Mancuso produced the finest U.S. women's World Cup season since 1984, winning her first four races while finishing third overall. She also collected another World Championships medal — the third of her career — a silver in the super combined during the 2007 FIS Alpine World Ski Championships in Are, Sweden.

She was also named U.S. Alpine Skier of the Year by Ski Racing magazine.

Kildow added three World Cup victories — she has seven in her career — and earned the silver medal in downhill and super G at Worlds before a knee injury shortened her 2007 season by a month.

Nyman earned his first World Cup top-3 finish during the December race at Beaver Creek, and two weeks later won his first race, capturing the downhill in Val Gardena, Italy.

Despite starting the season with a broken hand, Ligety had two more World Cup podiums and finished with two U.S. championships for the third straight season.

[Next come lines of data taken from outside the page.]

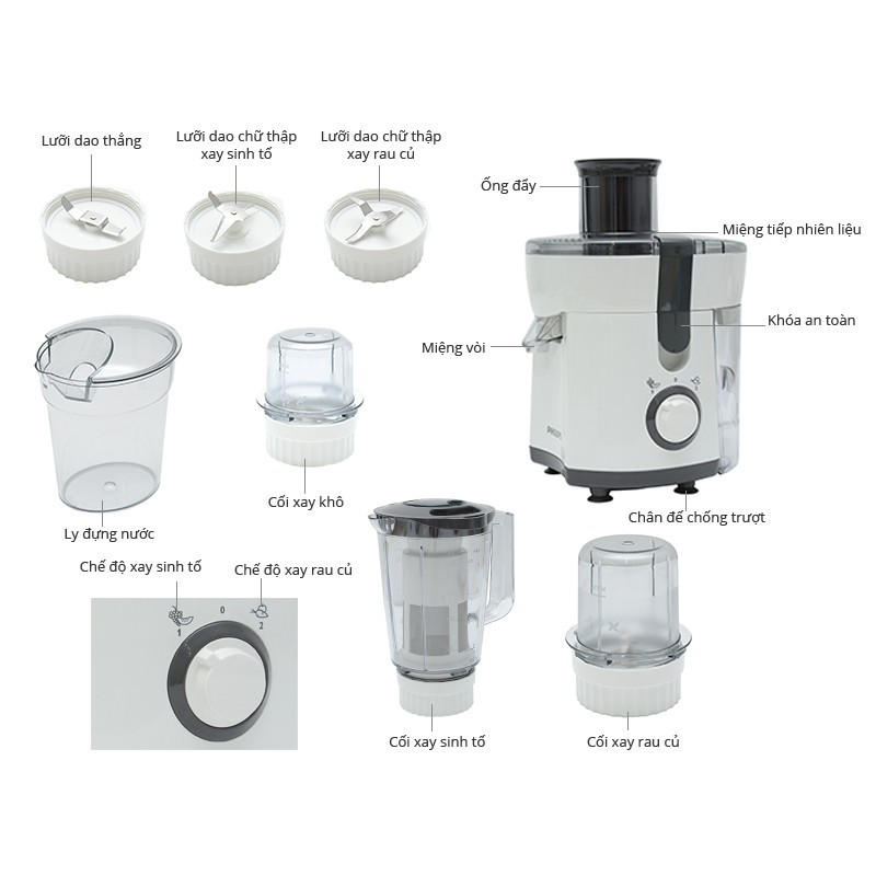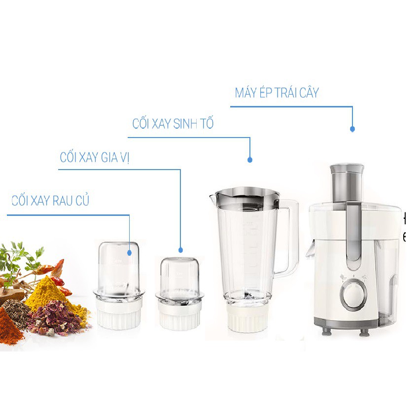 - Máy xay ép đa năng Philips HR1847 được trang bị 1 máy ép trái cây, 1 cối xay sinh tố 1 lít, 1 cối xay thực phẩm khô 0.2 lít và 1 cối nhỏ 0.1 lít dùng để xay ớt, xay hành... đáp ứng đầy đủ nhu cầu làm bếp của bạn.
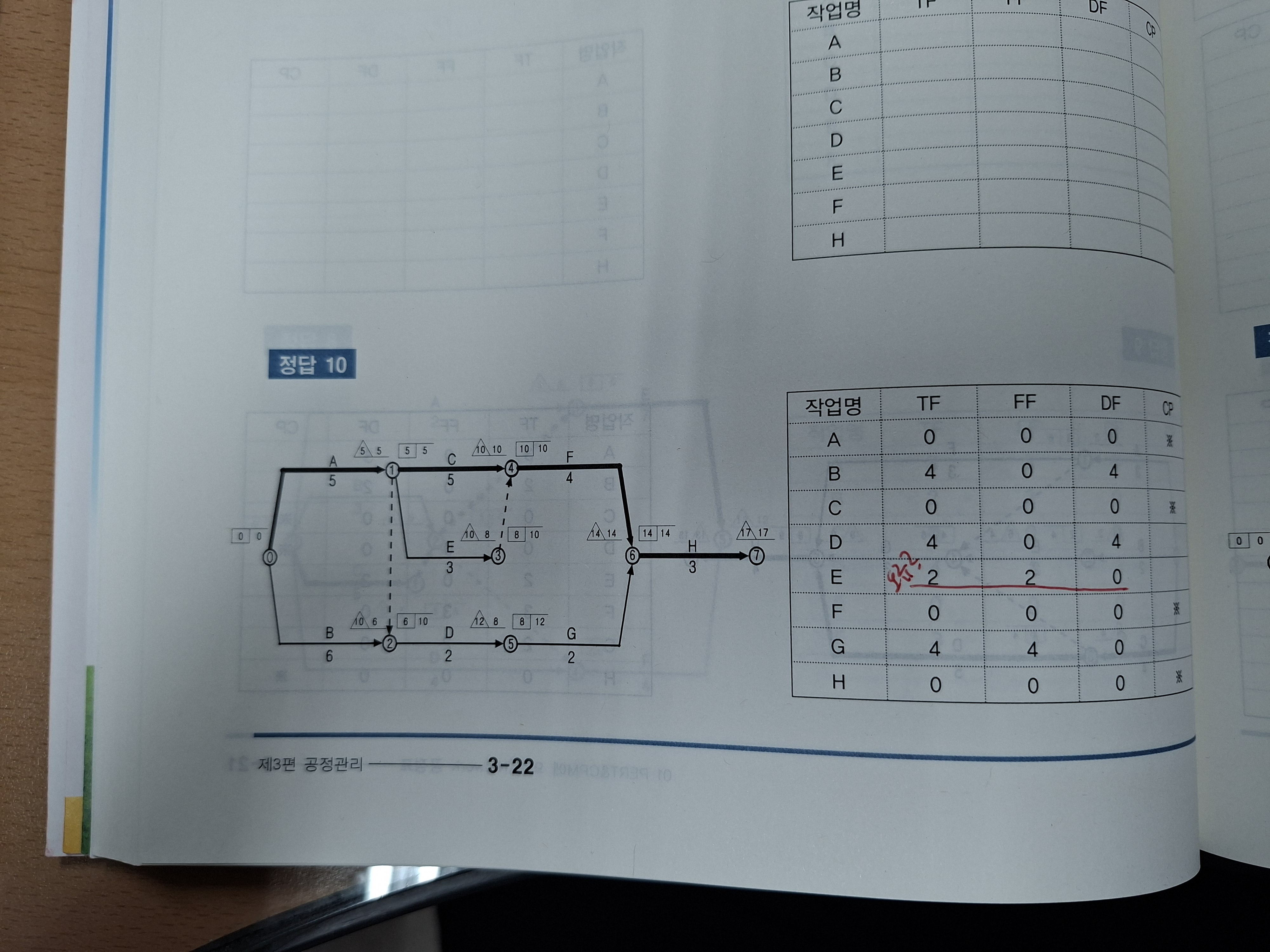 오직 이 경우에만 해당작업의 여유시간 계산은 바로 다음의 이벤트에서 계산한다고 기억해두시고, 나머지 경우는 해당작업의 종료이벤트에서 여유계산을 합니다.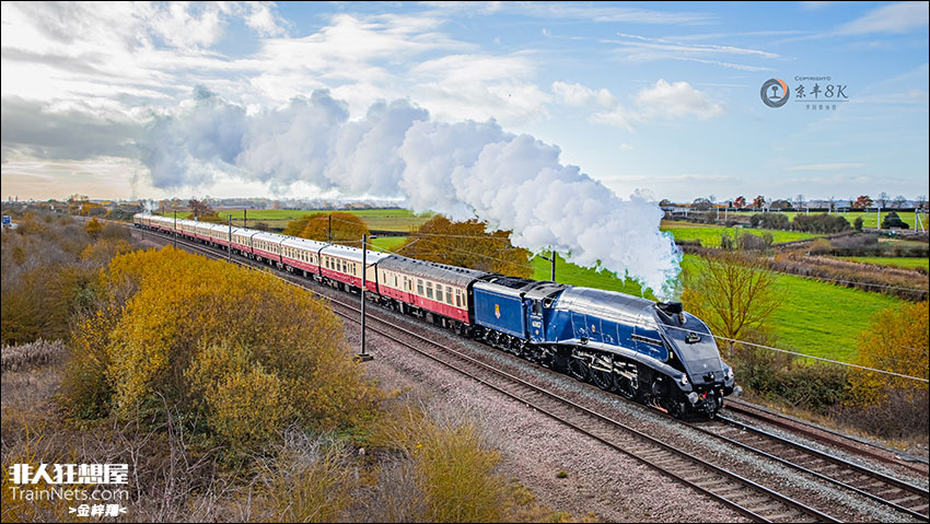 2024年11月。LNER Class A4 Pacific 60007 “Sir Nigel Gresley”牵引1Z66次旅游列车通过Colton Junction。

"This team is loaded with talent, from our top athletes that have had Olympic, World Championship and World Cup success to the up-and-coming athletes that have been successful at the Europa Cup and NorAm levels and are ready to take a step up," Hunt said. "This is a team — on both the men's and women's side — that has shown the potential to reach our goal of winning at every level."

The annual Visa Birds of Prey men's races will be Nov. 29-Dec. 2 (super combined, downhill, super G and giant slalom) at Beaver Creek, Colo., this year.

The Aspen Winternational Dec. 7-9 (downhill, super G and slalom) will have the first women's World Cup downhill in the United States since 1997 and mark the 40th anniversary of the first women's World Cup downhill in Aspen.